The report, entitled “The Future of Virtual Currencies 2014,” speculates that virtual currencies such as Bitcoin have grown to the point that there is literally no stopping these new innovative technologies that are cropping up every day. Finally, the report advises organizations that want to avoid being pulled under by this wave to begin preparing themselves now.
The focus of the report was not Bitcoin itself. Instead it studied blockchain technology. Bitcoin, the first use of this technology, appeared in 2009, and since that launch, there have been more than 1,700 new virtual currencies. Not all of these currencies have survived. Many have been recognized as “scam coins” by a vigilant community. These coins were introduced by criminals as a way to generate Bitcoins, and while there are still about 700 coins still operating, only 35 have reached market valuations of more than US$1 million, according to the report.
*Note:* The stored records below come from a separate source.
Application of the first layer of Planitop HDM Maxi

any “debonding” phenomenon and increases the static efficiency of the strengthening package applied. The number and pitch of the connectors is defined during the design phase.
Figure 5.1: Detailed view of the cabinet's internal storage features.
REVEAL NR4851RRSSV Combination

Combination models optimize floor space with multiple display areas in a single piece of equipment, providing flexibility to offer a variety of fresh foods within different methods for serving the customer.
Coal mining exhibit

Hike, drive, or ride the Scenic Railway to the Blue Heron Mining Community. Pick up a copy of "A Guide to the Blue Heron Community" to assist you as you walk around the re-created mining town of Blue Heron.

Christie Christelis, president of TSI said:
“There was a strong surge in the number of virtual currency announcements shortly after Bitcoin’s market capitalization hit $1 billion and the number of virtual currencies on the market has accelerated since then, exceeding the number of fiat currencies by June 2013.”
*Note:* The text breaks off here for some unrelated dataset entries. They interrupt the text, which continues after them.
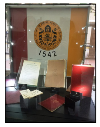
The City's original Charter is on display as part of the City's collection.

At the December 3 meeting, the Committee will consider recommendations regarding the Ethics Commission, Planning Commission, Article V sections on Executive and Administrative Services, Article VII sections on Finance, Retirement, Civil Service, Contracting, and a proposed Preamble.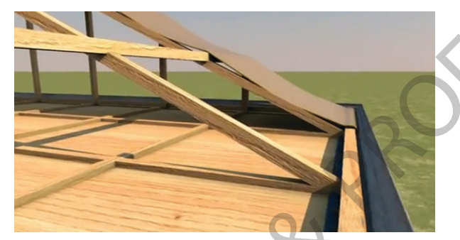
2. Ensure a 50 mm overlap into the gutter and a nominal 40 mm sag between battens is achieved.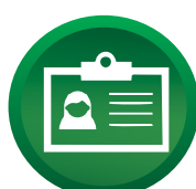
ID Card Students, Staffs & Parents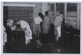
In the metal-work room at Daruk

Description: This images shows the recreation room at Daruk.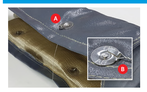
MANIFOLDS Attach tie wire end to anchor (A). Hold blanket against manifold. Feed wire behind manifold cylinder runners. Massage blanket to final shape. Loop wire around anchor, connect springs to anchors (B).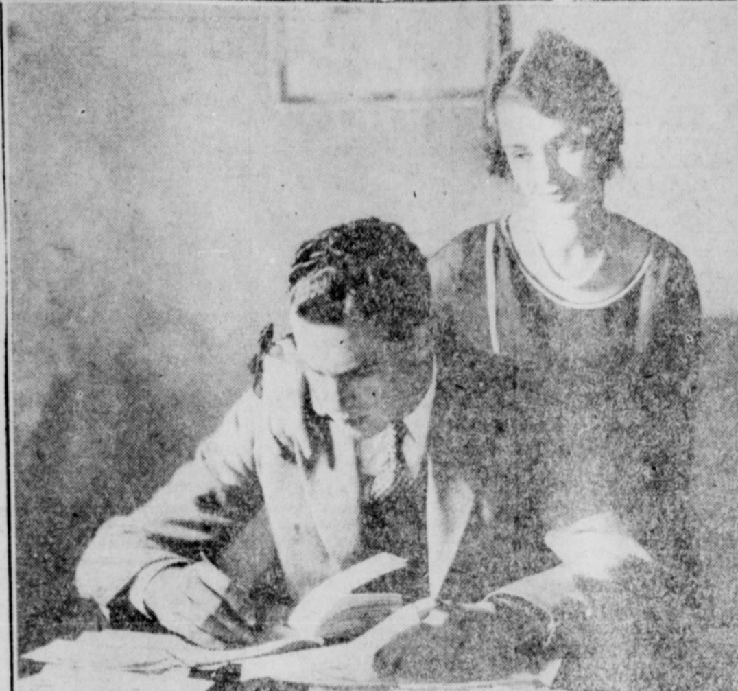
"Looks like we'll need a new budget," she said, striving to speak lightly.

WHAT HAPPENED Ward, on the eve of to Rod, Bryer, re- knife as a gift from who had turned Rod who was not weal- of the metal chil- and the thought dagger to pierce her shined across her mind dreaming anticipation miserably foreboding. reproachfully resolves not of Rod's past love future is in her keep-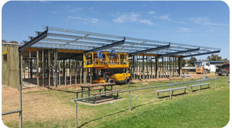
Football changerooms under construction at Greenham Park

Building work on the new changerooms is progressing. This new facility will have separate male and female team changing rooms and bathrooms, male and female umpires' rooms and a coaches' room.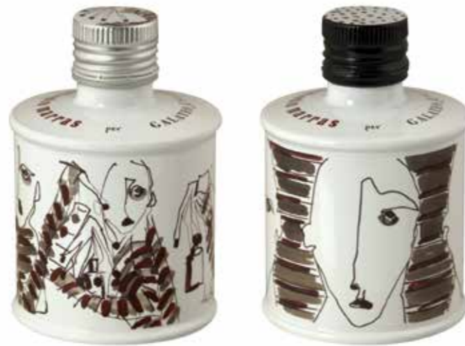
Extra Virgin Olive Oil Taggiasca Quality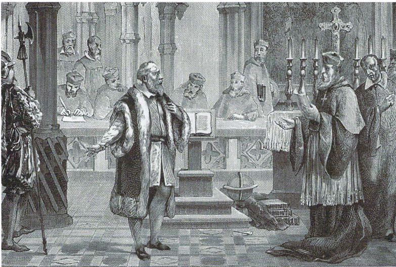
▲ Galileo appears before officials in the Vatican in 1663.

In spite of the Church's position, by the 1630s and 1640s, most astronomers had accepted the heliocentric idea of the universe. However, motion in the universe had not been explained. The ideas of Copernicus, Kepler, and Galileo had yet to be tied together. An Englishman—Isaac Newton—would make this connection; he is considered the greatest genius of the Scientific Revolution.

The difference in flexibility between fiat currencies and those generated by a blockchain is a major factor in the report’s conclusion. New currencies are developed to improve the Bitcoin protocol, and others are developed to extend functionality, or improve speed and security of transactions. Companies also that develop a coin and use their particular product as a base for the currency itself. This type of currency flexibility is what makes the idea so strong, according to Christelis:
“The idea of decentralized trustless systems is revolutionary, but the real potential for disruption comes about through the ability to implement them and find compelling business models. The open protocols on which these virtual currencies are based, together with the highly collaborative innovation processes at work amongst the different [development] communities, has created such a stimulating environment for innovation that it is impossible to halt it. And these innovations aren’t only focused on financial applications of virtual currencies.”
But the report also notes that the direction and speed of these new currencies will depend in part on government regulation. The venture capitalists have already invested nearly US$500 million in hopes of getting out in front before the rest of their particular industry. But currencies are not the only way that the blockchain can be used, as many so-called Bitcoin 2.0 ventures are demonstrating. The development of smart contracts, colored coins and entire decentralized autonomous organizations—including governments, as suggested by Bitnation—presents a whole new aspect to the blockchain that extends far beyond simple finance.
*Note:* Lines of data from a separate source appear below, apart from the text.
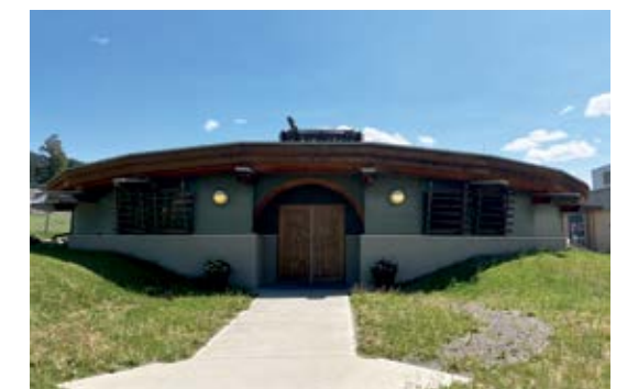
The Gathering Place in Williams Lake.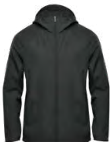
M'S & W'S: BLACK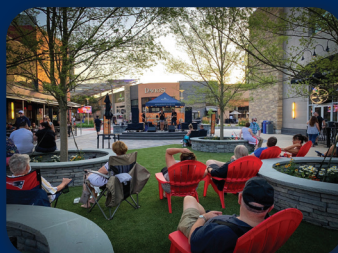
The stage will feature performances from local musicians all summer long.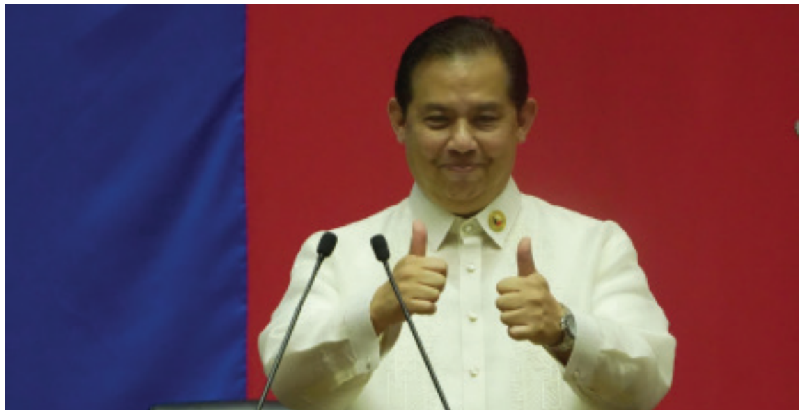
RIGHT SIDE. Speaker Martin Romualdez delivers his message during the resumption of session at the House of Representatives in Quezon City Monday (Nov. 4, 2024). Romualdez said the House will continue its probe into alleged extrajudicial killings during the previous administration's drug war.

"The quad comm and our young guns have become the target of those who prefer the shadows over the light. They attempt to undermine our work, casting aspersions against us. Instead, we will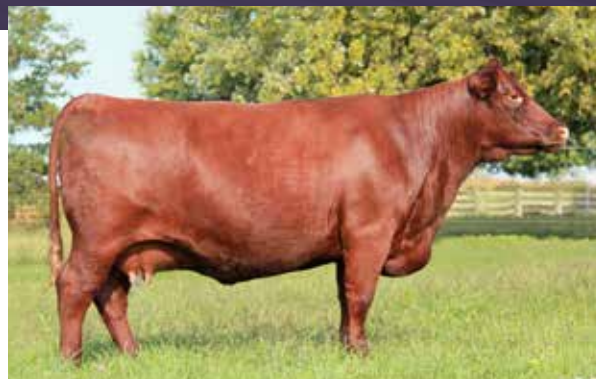
Waukaru Minnie 5214

CONSIGNED BY: NOBLE LAND & CATTLE INC., CHAD NOBLE: 559-359-9893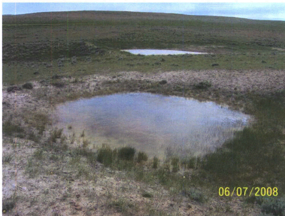
Photo 8: WB-2. Isolated waterbody. Looking northeast, WB-1 in background.

The report states that while about 50% of online adult consumers are aware of virtual currencies, actual use of the currencies is still very limited. Despite the bad media attention usually focused on Bitcoin, the report says that about one in five consumers plans to make use of virtual currencies soon, which would produce an extremely rapid growth. The currencies themselves have not yet been regulated in any country, and most nations are concentrating on regulating “gateways,” more to keep them in compliance with money laundering regulations than to protect consumers from fraud.